После холода голос опять съехал в надрывный шепот, едва различимый на фоне других шумов.
– Я обычно обедаю в три. Потерпишь?
– Да, конечно.
Они пили чай. Точнее, Тахти сидел один на велюровом диване, напротив них двоих. На столе в трех нетронутых кружках остывал чай. От холода руки опять свело судорогой, пальцы скрючились. Тахти растирал их под столом и никак не мог заставить распрямиться. Раньше такого не было. Это недавно началось, уже здесь. Сигги разбирался в бумагах. Нана указывала ему на отдельные места, не зачитывая вслух, и Сигги только кивал. На Тахти они не смотрели, но он сидел вот так напротив них – словно на безмолвном допросе.

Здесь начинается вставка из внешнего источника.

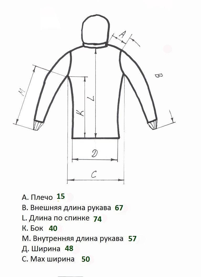Код На рост, см Обхват груди, см Обхват куртки, см Плечо+рукав, см Длина по спинке, см Капюшон Цена грн. Описание Фото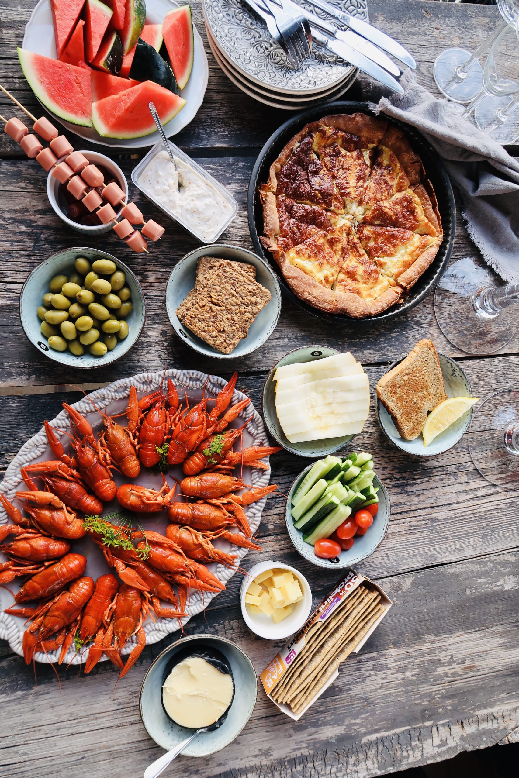 På vägen hem fick jag ett sånt kräft-craving. Det var ju kräftpremiär igår så vi kvistade förbi ICA på vägen hem och köpte kräftor. Gjorde en ”fusk-VÄSTERBOTTENPAJ” med köpt glutenfri pajbotten. Ja jag brukar kalla det fusk då men egentligen har man ju gjort hälften själv. Toppen när man har lite bråttom och känner att man inte hinner pyssla med pajbotten. Kräftorna var svingoda! Vi köpte Pandalus färska turkiska kräftor och dom var som sagt supergoda! Lite små klor men det är smällar man får ta. Jag fick i alla fall ÄNTLIGEN sörpla kräftor medan Tony fascinerat tittade på. Han är fascinerad på riktigt tror jag för han ställer 100 frågor om hur det känns och hur det smakar och vad som är godast. Kanske för att han själv aldrig skulle äta det så är han fascinerad över hur jag kan? Haha…. Nej, han äter inte kräftor och Milo bara smakar lite. Så jag fick gotta mig alldeles själv. Gottade oss också med Black Bomber ost (favorit), comté ost, och annat smått och gott. Vi satt på altanen och myste och klockan var över 8 på kvällen så värmen var inte sådär galen då. En mysig lördag!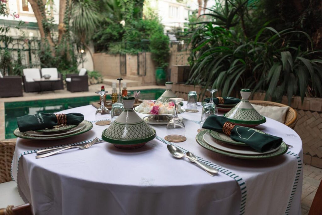 Bare noen få andre gjester spiser sammen med oss i stuen denne kvelden. Det er ingen meny som sådan, siden Ilham, den smilende kokken, går på markedet, kjøper det som er ferskt tilgjengelig og serverer en tajin-fest uten like. Og takket være de nye eierne er spillelisten ‘chill’ og det er vin å få, noe som ikke er gitt her til lands.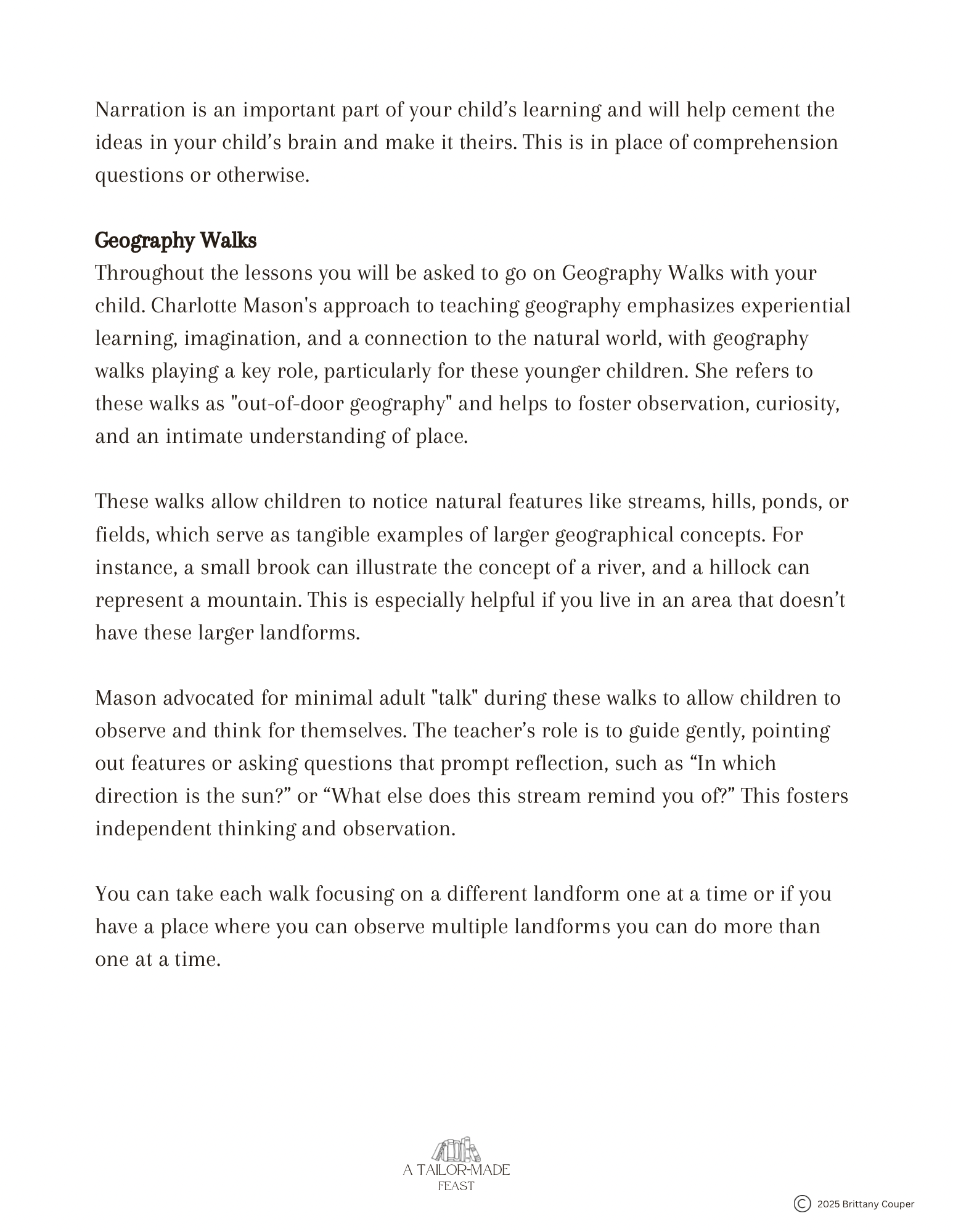 - Holistic Learning: Integrates geography with nature study, science, and storytelling, aligning with Charlotte Mason’s philosophy of educating the whole child—mind, body, and spirit.

Желудок свело, но аппетита не было. Через боль в разбитой скуле он съел одно печенье. Желудок отпустило. Руки постепенно согрелись, судорога отступила, и кое-как он взял в руки чашку. В ушах гудело, пальцы кололо невидимыми иголками. Горький чай вязал язык. В очаге трещали дрова. За окном монотонно гудело море, выл ветер.
Сигги собрал бумаги обратно в папку и оставил ее на краю стола.
– Ты вегетарианец, да? – спросил Сигги. – Нана сказала.
Тахти не сразу сообразил, что это он ему.
– Да.
– Я готовлю тыквенный суп. Ешь такое?
– Да.
– И рыбу. Окунь. Рыбу-то хоть ешь?
– Нет, – прошептал Тахти. – Не ем.
Сигги же не треснет его за это половником, нет?
– Понятно. Ну смотри, я специально отдельно готовить не буду. Холодильник не заперт. Захочешь что-то свое, бери и готовь.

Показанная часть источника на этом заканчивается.